What Is Indicative Net Asset Value (iNAV)?

Let me explain what indicative net asset value, or iNAV, really is. It's a way to measure the intraday net asset value (NAV) of an investment, and it's reported about every 15 seconds. This gives you, as an investor, a solid sense of the investment's value right through the trading day.

Understanding Indicative Net Asset Value (iNAV)

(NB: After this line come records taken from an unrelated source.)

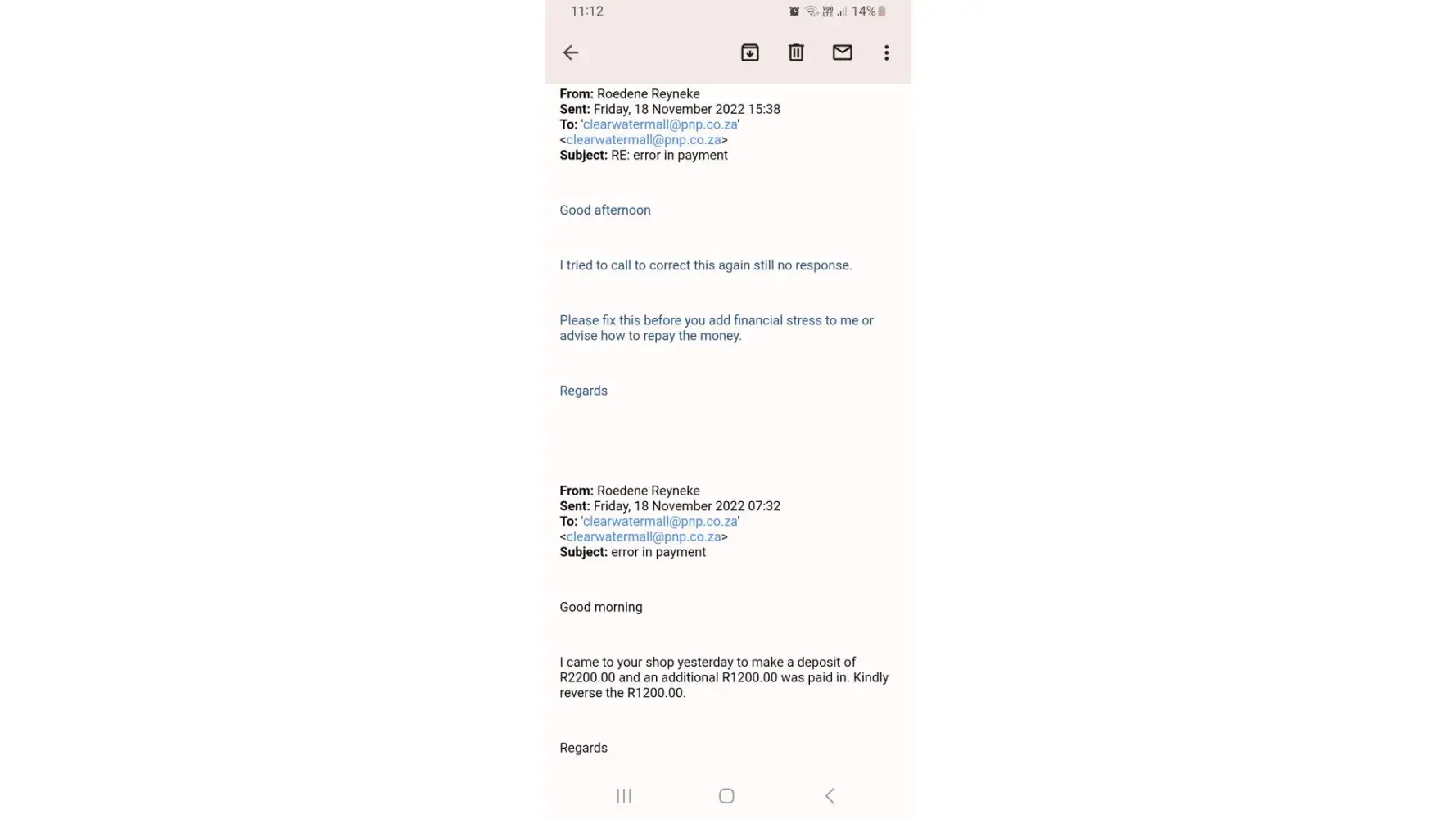 7. Subsequently logged numerous complaints from the 6th of March until 13 April with PnP Online Services. Although the logged complaints were acknowledged, the problem was never resolved and as of today I still do not have the new disc nor any refund. In addition the information coming from PnP is contradicting as certain agents claims the service has been stopped, others claim it is operational, but still cannot resolve the issue.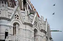 Ceci témoigne semble-t-il d’une volonté de radicale modification des plans de Diotisalvi, dans le but de surélever la galerie et par là, de donner un nouvel élan à l’ensemble[15]. La contribution de Nicola à la décoration extérieure est par contre bien plus identifiable. Il réalisa sur la galerie extérieure déjà implantée par Diotisalvi, une arcature à claire-voie de 60 arcades sur colonnettes, surmontées de gables et de pinacles, eux-mêmes décorés de bustes. Des têtes décorent également la base des arcades.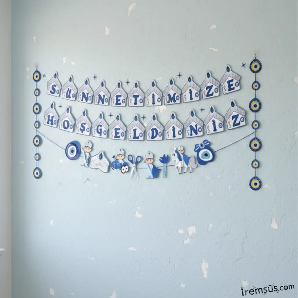 Sünnet Kutlama Dekoratif Nazar Boncuklu Karton Süsleme Sünnet Düğünü ve Oda Süslemesi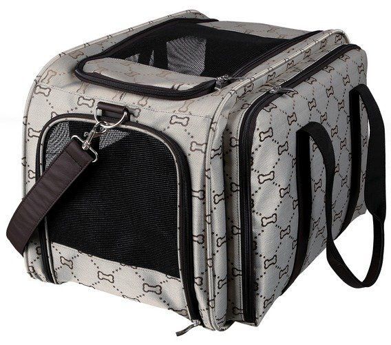 Luxusní přepravní taška MAXIMA od výrobce Trixie se může pochlubit lehkým, moderním designem a střízlivými barvami, které nevyjdou z módy. Převládající barvou tašky je stříbrno-šedá. Ta je také podkladem pro vzor ve tvaru psích kostiček černé barvy, které jsou propojené tečkovanými čárami též tmavé barvy.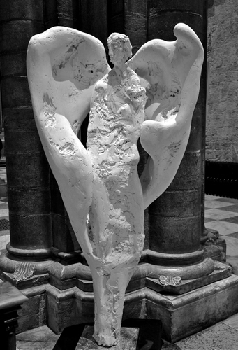 Opera in gesso dell'artista gardenese Paul Moroder, esposta nel duomo di Trento.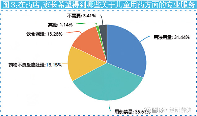 調(diào)查中,超過三成的家長希望在藥店能夠得到兒童藥“用法用量”和“用藥禁忌”等方面的專業(yè)指導(dǎo)(見圖3)。“其實(shí)在看病買藥的過程中,我們還是希望無論是醫(yī)生還是藥店藥師,能夠主動多囑咐幾句,比如吃藥時的禁忌、生病期間的飲食調(diào)理、如何正確用藥等。這樣孩子的病好得快,我們家長也能減少對藥物不良反應(yīng)的顧慮。”一位家長表示。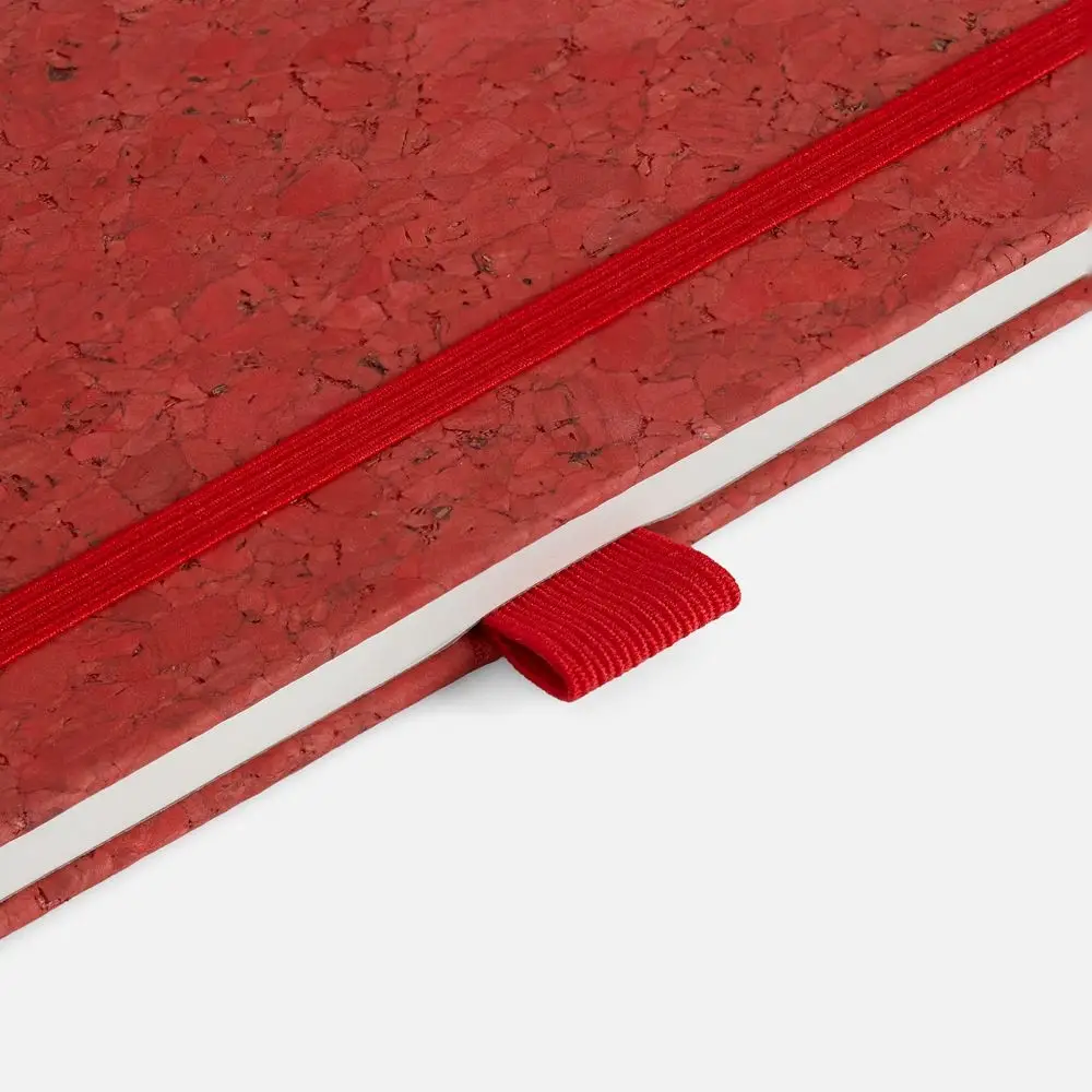 Блокнот с твердой обложкой из из натуральной окрашенной пробки, дополнен петлей-резинкой для ручки, ляссе и резинкой в цвет обложки.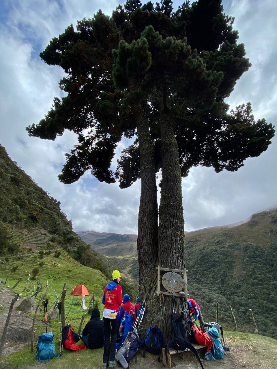 The views are spectacular, along the way we stopped at a tall Columbian pine tree, which is only 3 years younger than our main boss.  Here we drank delicious tea made from coca leaves.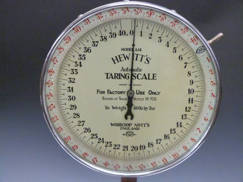 Hewitt's model A14 automatic taring scale, marked to dial for factory use only, height 75cm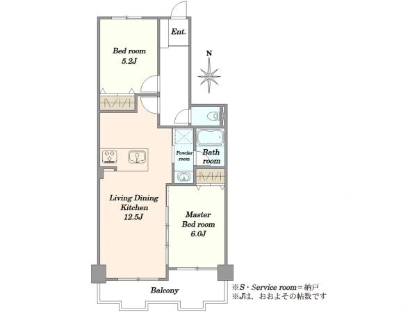 専有面積: 55.18m2(壁芯) / 2LDK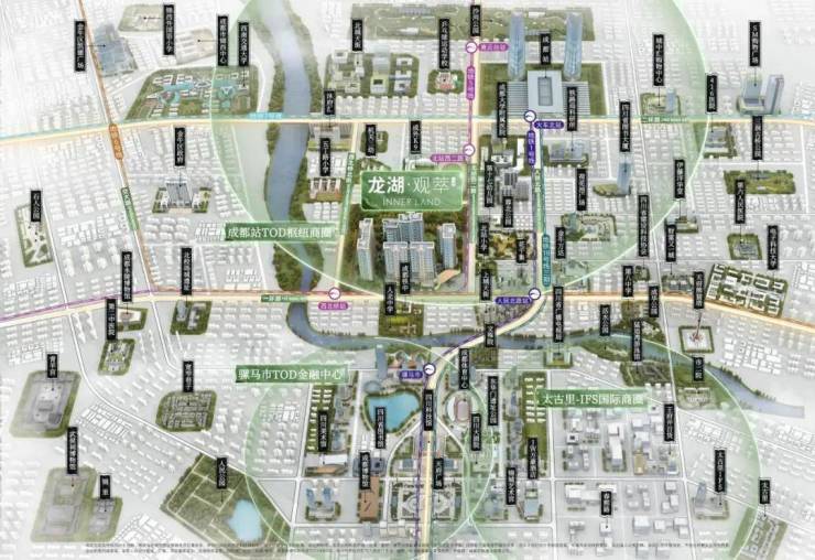 时隔近7年,龙湖再度回到一环芯,带来了龙湖·观萃。在成都链接世界的百亿商圈内,龙湖·观萃在享有主城一环芯硬核的城市地段上,生来就已尽揽全城优质资源。一环也在城市的嬗变中不断进击。骡马市TOD一体化城市设计,就展现了强大的中芯之势。根据规划,骡马市TOD将打造为成都全新城市会客厅,包含约300米的摩天大楼、约200米的塔楼等,将引入以高端商务、现代金融、数宇经济、高新技术等业态为主的特色产业集群,未来的骡马市TOD将展现出城市形象和中芯能级的全新蝶变。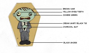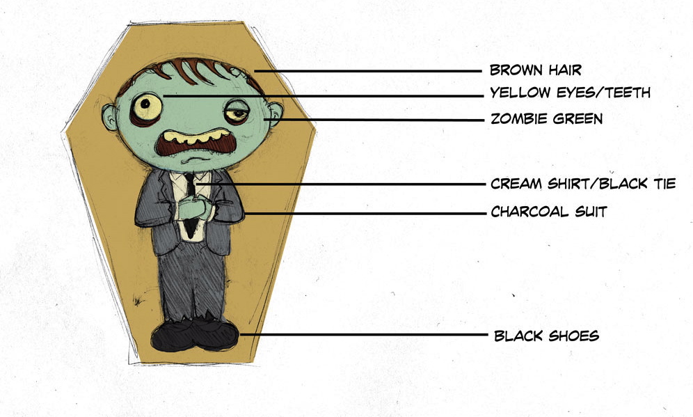 The illustration by Vince Dorse that I used to needle felt the Coffin Zombie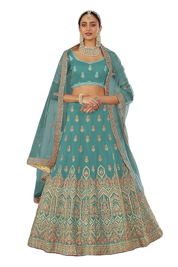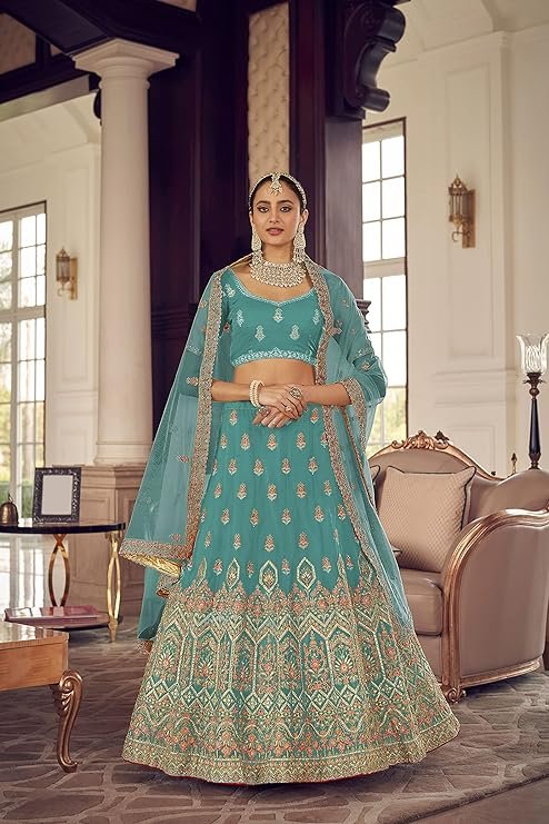 - Turquoise color organza base Stone and zari work lehenga.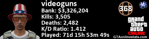 <a href="http://GTAonlinestats.com/showplayer/videoguns"><img src="http://GTAonlinestats.com/signature/videoguns/sig.png" alt="ViDeoGuns" border="0" /></a>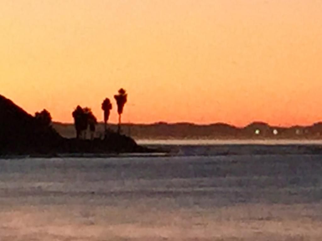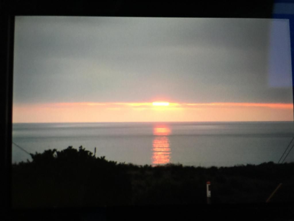 dull metallic gray over the ocean. Peaks are coming through in long lines with

You should know that the iNAV gets reported by a calculation agent, which is usually the exchange where the investment trades. It applies to both closed-end mutual funds and exchange-traded funds (ETFs). The iNAV follows the same method as the fund's accounting NAV. The agent takes the established prices of all securities in the portfolio to figure out the total asset value, subtracts the fund's liabilities, and divides the rest by the number of shares. These agents have access to the fund data to generate this iNAV every 15 seconds all day long. Sometimes, the iNAV even gets its own ticker symbol so you can track it easily.

Indicative Net Asset Value (iNAV) vs. Net Asset Value (NAV)

Here's how iNAV stacks up against the standard NAV. The iNAV acts as a tool to keep funds trading close to their true value. With updates every 15 seconds, it gives you a nearly real-time look at the fund's worth. This reporting helps avoid big premiums or discounts in trading. Closed-end funds and ETFs have to calculate NAVs because they're mutual fund investments under the Investment Company Act of 1940. They figure out a daily NAV, but these funds trade on the open market like stocks, with deals happening at market prices. The accounting NAV comes from their registered status and is an SEC requirement. It's calculated at the end of each trading day.

Special Considerations: Premiums and Discounts

Now, let's talk about premiums and discounts. Since closed-end funds and ETFs trade on exchanges, they often trade at a premium or discount to their NAV. The iNAV helps keep trading closer to the accounting value, though deviations can still happen. These premiums and discounts occur for various reasons and can be consistent trends for many funds. A premium might show up when investors are optimistic about the fund's holdings or its management. Discounts usually appear when investors are pessimistic about the fund or doubt the management. Factors like supply, demand, and the timing of market reports can also influence the fund's trading price on the exchange.

Key Takeaways

  • Indicative net asset value (iNAV) measures the intraday net asset value (NAV) of an investment.
  • iNAV is reported approximately every 15 seconds by a calculation agent, typically the exchange where the investment trades.
  • iNAV can be reported for both closed-end mutual funds and exchange-traded funds (ETFs).
  • To calculate iNAV, the agent uses the prices of all portfolio securities to get total assets, subtracts liabilities, and divides by the number of shares.